Why reform is needed
The 2008 global financial crisis highlighted the fact that credit automatically flows to places where creditors are fairly treated. Modern insolvency systems and debtor-creditor regimes are the cornerstone of sustainable economic development and provide a safety valve for financial failures.
Predictable insolvency regimes encourage creditors to cooperate with each other and to work with debtors to avoid the closure of a business, rather than opportunistically withdrawing credit and seizing assets at the first hint of financial distress. Strong insolvency laws promote the distribution, re-distribution and use of assets from failed businesses more efficiently, effectively and equitably.
In many transition countries in central and eastern Europe and the former Soviet Union, further legal reform and technical assistance are needed to improve rules and procedures to reach international standards of best practice.
The LTP's role
The EBRD helps countries to revise their insolvency laws and implementation frameworks. There is increasing recognition that the efficiency of insolvency regimes depends as much as on the quality of institutions, such as the judiciary, insolvency administrators and professional organisations for insolvency practitioners, as on the legal provisions.
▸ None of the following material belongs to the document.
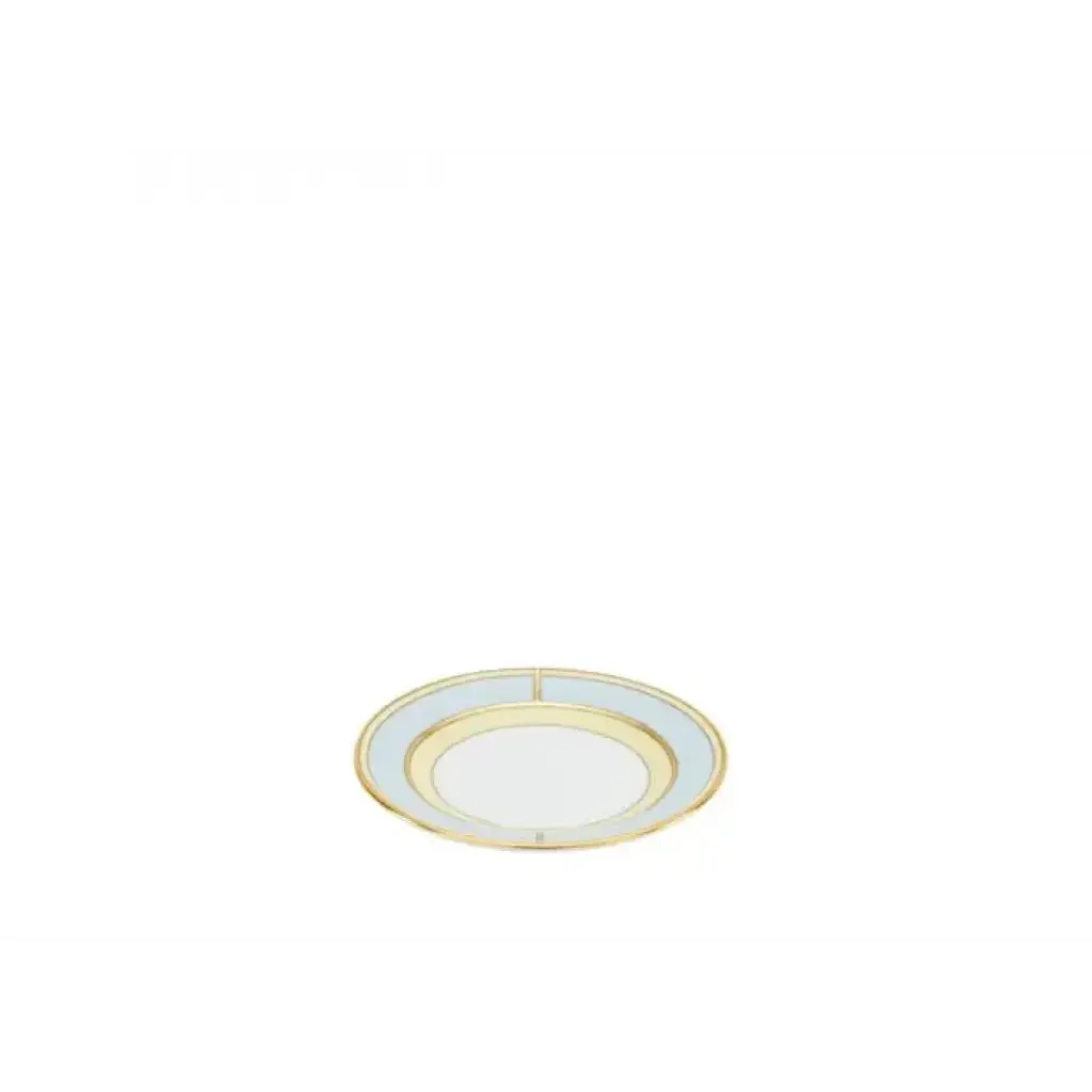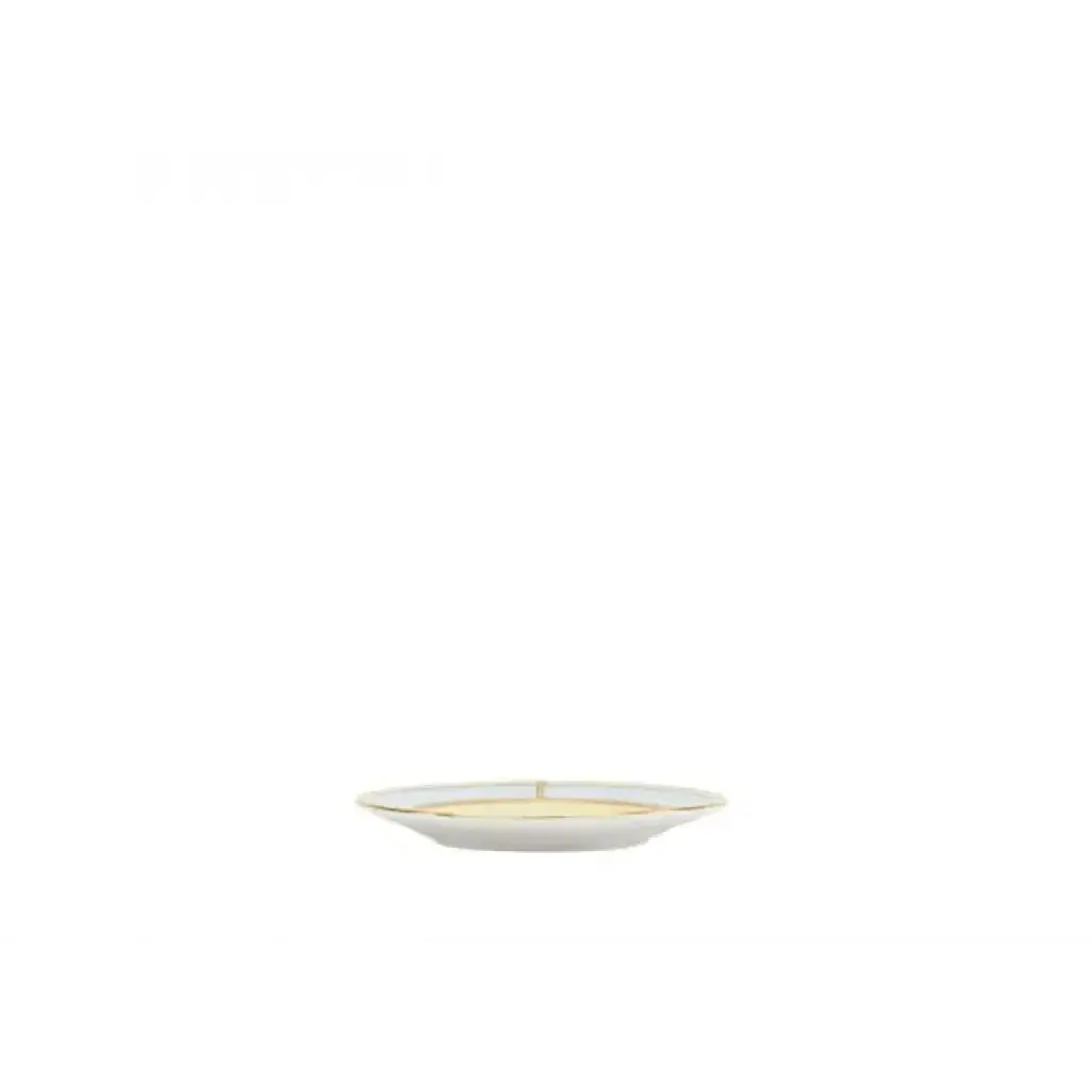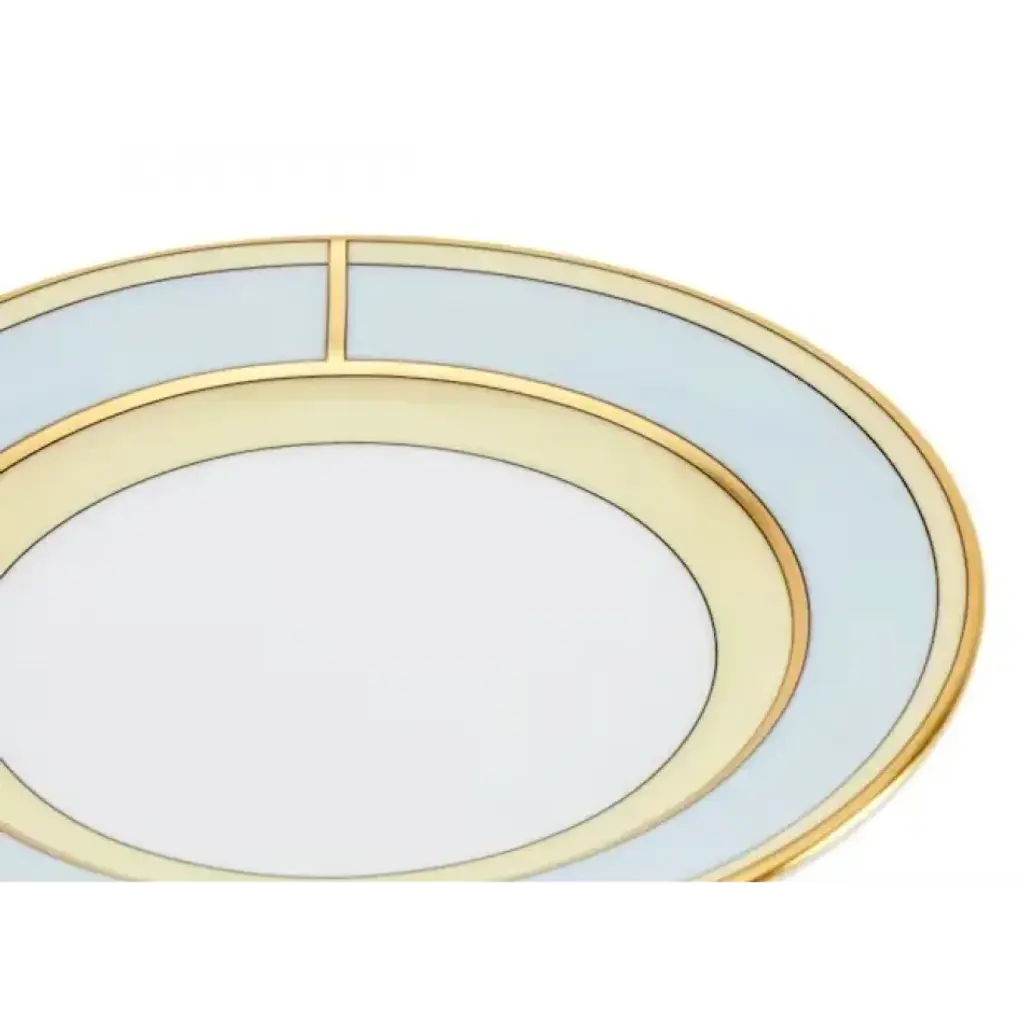 Set of two porcelain coffee saucers with Celeste and gold decoration. New Diva collection. They are distinguished by their luminous gold threading, sky-blue decoration, and iconic Colonna shape, which is evocative of the vivacity of 1950s Italian cinema and pays tribute to the silver screen divas of the era. They complement the coffee service from the same line alongside the matching mugs, coffeepot, sugar bowl, and milk pitcher, all of which are designed to be mixed & matched in combination with the four available pastel colors. Sophisticated and feminine, Diva is a collection of porcelain tableware and giftware that features clean lines and a functional design that will steal the spotlight on your table or in any home or office setting.

Domestic insolvency laws will vary and must do so to accommodate the rich variety of legal traditions across the EBRD regions of operations. But these insolvency laws need to comply with the core principles of international standards and best practices as external actors are most likely to apply these when determining whether or not to invest in a given country. This situation has led the EBRD to define a set of 10 core principles for an insolvency law regime.